[CRITIQUE] Un Monde – Violence scolaire

Le premier long-métrage de Laura Wandel traite d’un sujet des plus scabreux au cinéma, le harcèlement scolaire. Alors que Nora s’apprête à entrer en primaire, elle est témoin des railleries dont fait l’objet son frère, hésitant à en faire part à son père sous peine que son frère lui en veuille. Caméra à l’épaule, la réalisatrice belge propose une expérience sous tension permanente, à la fois exigeante dans la forme et éprouvante sur le propos.

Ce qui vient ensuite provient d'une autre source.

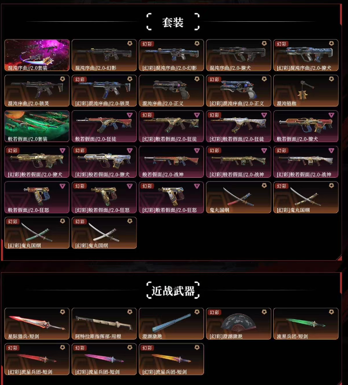 混沌2.0套♥班若套♥流脓狂徒♥归零2.0幻影♥紫金狂徒♥班若幻影♥紫金戍卫♥莲花正义♥掠影鬼魅

La mise en scène se conjugue ici très bien avec ce qui y est raconté, puisqu’on y suivra en perspective unique le parcours de Nora, traversant la cour de l’école, à la recherche de son frère ou de ses amies pour ne pas se retrouver seule. Nous spectateurs découvrons ainsi au même rythme que le personnage, ce monde scolaire et sa violence sociale. C’est un des points majeurs du film, alors qu’il s’agit de situations les plus communes pour toute école, les situations représentées sont impactantes tant le point de vue est concentré sur celui d’un enfant. Choisissant souvent l’hors-champ, la réalisatrice illustre tout à fait bien la perdition de Nora, qui ne sait prendre ses repères, à qui se confier, ni concentrer son regard au vu de ce qu’il se passe autour d’elle. Il faut dire que la performance des jeunes acteurs est impressionnante, il y a une alchimie entre Maya Vanderbeque et Günter Duret intéressante, conciliant attachement et rejet à l’occasion de scènes très touchantes du film. Les deux personnages interprétés réagissent systématiquement à la mécanique du harcèlement, la sœur rejetant le frère puisque lui faisant honte devant ses amies, et le frère ne souhaitant plus lui parler en raison du manque de soutien. Pourtant, et d’autant plus à la fin du long-métrage, ils restent indissociables et forment une unité sociale, ce qui pourrait s’avérer comme le seul moyen de défense devant l’insulte et la violence scolaire.

Comprendre l’autre n’est parfois pas suffisant.

C’est en effet parce que Nora ira dénoncer ce qu’il se passe au sein de l’école que leur père sera notifié de cela, mais également par sa présence qu’Abel puisse rester qui il était au départ. Jusqu’au mixage sonore, l’expérience scolaire est parfaitement retranscrite à l’écran, et il y a de quoi rester désarçonné devant la maîtrise de la caméra que déploie Laura Wandel. La durée même du film proche des 70 minutes est un choix pertinent, les minutes semblant s’écouler comme des heures, à l’occasion d’une conclusion ambigüe pourtant réaliste. Les harcelés deviennent souvent, les harceleurs et ainsi de suite. C’est un paradoxe certes très simple mais logique, et toujours plus violent pour Nora qui aura vu au loin se transformer la victime en bourreau. L’hors-champ tel qu’employé participe à la terreur que l’on puisse ressentir, puisque ne sera que principalement montré l’effroi du personnage par le regard. Il n’en faut pourtant pas davantage pour capter les conséquences d’une telle violence sociale.

Malgré une trame simpliste, Un Monde trouve ses plus grands moments en confrontant innocence et participation à la violence de cette jeunesse perdue. Le harcèlement n’est pas souvent représenté d’une manière aussi radicale, et pas sous un âge aussi jeune au cinéma. C’est la force principale du film, rendre ces petites choses scolaires aussi violentes, par la raison d’une fragilité propre à l’enfant. Jamais léger, le film comporte des scènes trash qui risquent de marquer cette année, terrifiantes de réalité. Et pourtant, l’adulte n’est pas le responsable principal de ce phénomène. Averti ou pas, il semble que le harcèlement est si naturel qu’il se régénère d’un enfant à un autre. Comme une partie intégrante d’un monde pas si accueillant…

Note : 4 sur 5.

Un Monde, au cinéma le 26 janvier 2022.